CVE-2026-15902: GPU Orchestrator Logic Flaws [2026]
Bottom Line
As of May 6, 2026, CVE-2026-15902 does not appear in public CVE records, but the underlying attack class is real and already documented in NVIDIA KAI Scheduler CVE-2026-24176. The critical lesson is that a scheduler-level tenant-binding flaw can undermine GPU isolation before the workload ever reaches the device.
Key Takeaways
- ›No public MITRE/NVD record matched CVE-2026-15902 on May 6, 2026.
- ›NVIDIA fixed the adjacent cross-namespace flaw in KAI Scheduler v0.13.0.
- ›The verified weakness is improper authorization via cross-namespace pod references.
- ›Multi-tenant risk comes from control-plane trust breaks, not only GPU driver bugs.
- ›Admission checks must bind namespace, queue, claim, and reservation as one security unit.
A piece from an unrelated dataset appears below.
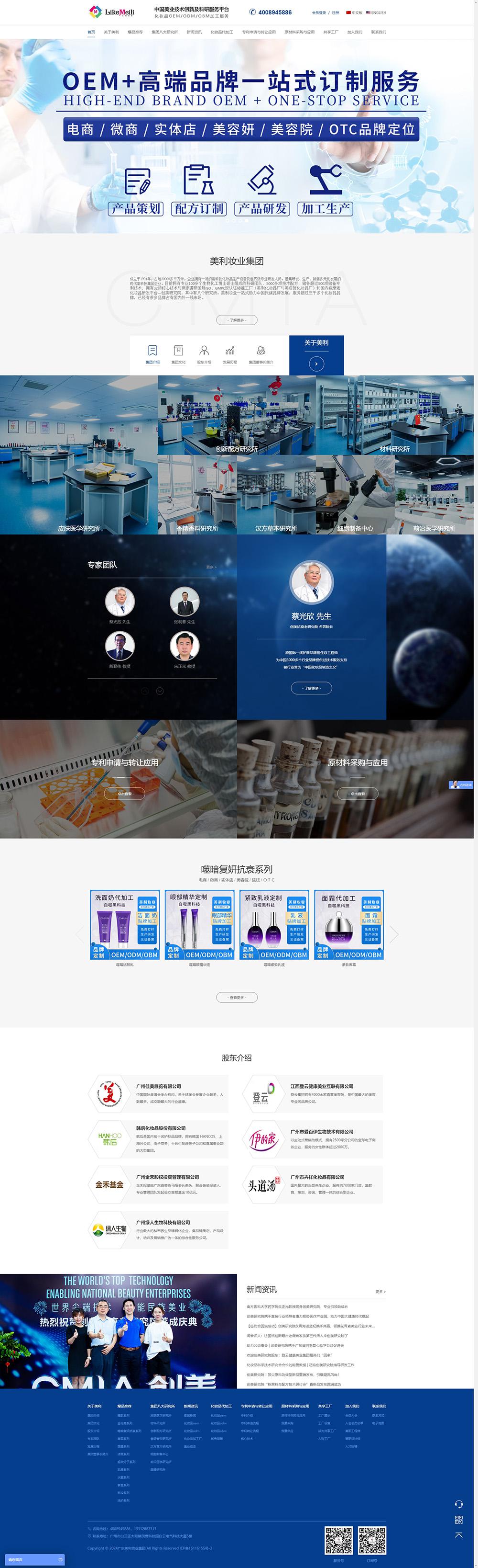 建站联系电话广州美利妆业控股有限公司(简称:美利妆业集团)是一家大型高科技化妆品OEM/ODM生产企业。成立于1994年,占地20000多平方米,企业拥有一流的高科技化妆品生产设备及世界级专业研发人员,是集研发、生产、销售多元化发展的现代高科技集团企业。目前拥有专业100多个生物化工博士硕士组成的科研团队,5000多项技术配方,储备超过500项储备专利技术,拥有32项核心技术与两家遵照国际ISO、GMPC双认证标准工厂(美利化妆品厂与美资贺化妆品厂)和国内抗衰老化妆品研发平台---创美研究院,其中有八个研究所。美利妆业一站式助力中国民族品牌发展,服务超过三千多个化妆品品牌,已经有很多品牌占有国内外一线市场。
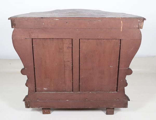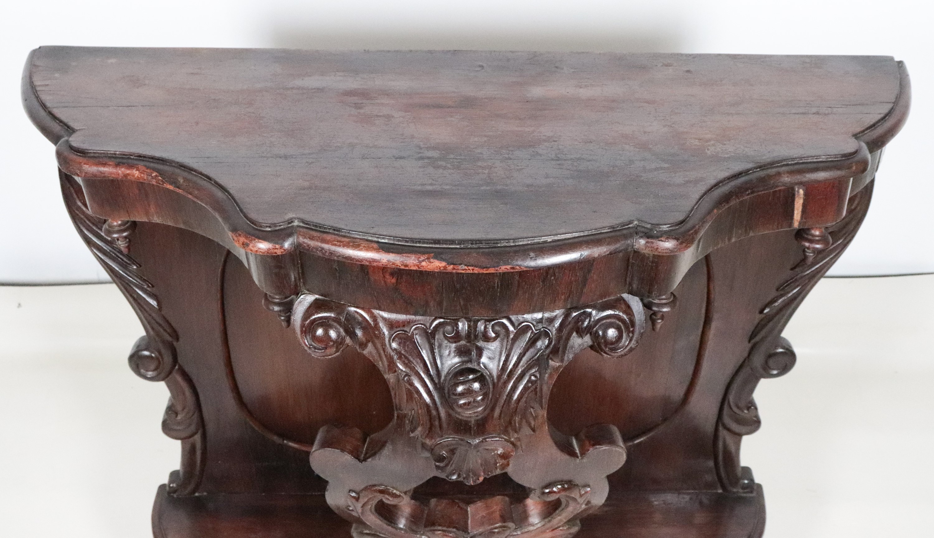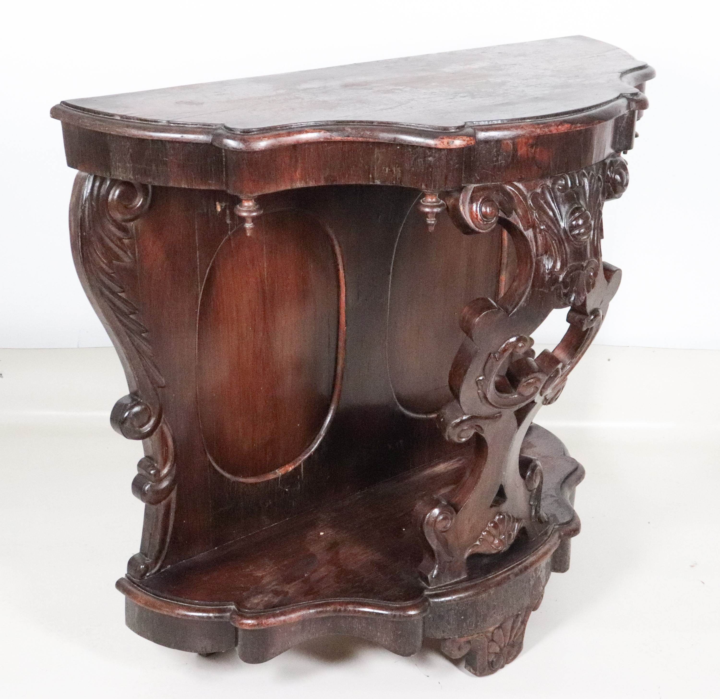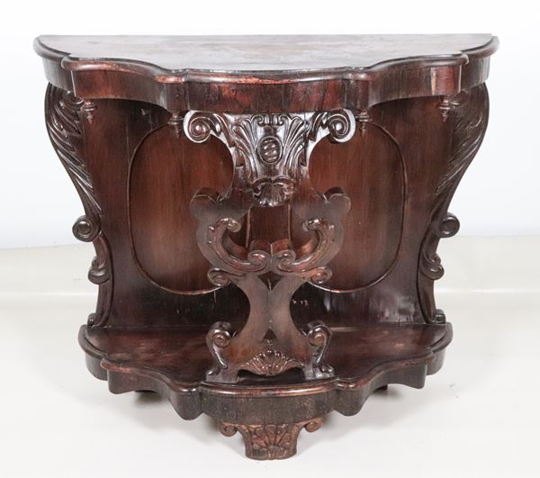 Antica consolle napoletana Luigi Filippo in noce, con piano centinato e sostegno centrale intagliato e traforato a volute

The headline CVE here needs one correction before any serious analysis starts: as of May 6, 2026, there is no public MITRE or NVD record for CVE-2026-15902. That does not make the threat model hypothetical. A closely matching, vendor-confirmed case already exists in NVIDIA KAI Scheduler's April 2026 security bulletin, where CVE-2026-24176 describes improper authorization through cross-namespace pod references in a multi-tenant GPU scheduler.
CVE Summary Card
Bottom Line
The missing public record for CVE-2026-15902 is itself a reminder to verify identifiers before triage. The actionable security story is the verified NVIDIA case: broken namespace-to-resource authorization in a GPU orchestrator can let one tenant tamper with another tenant's scheduling state.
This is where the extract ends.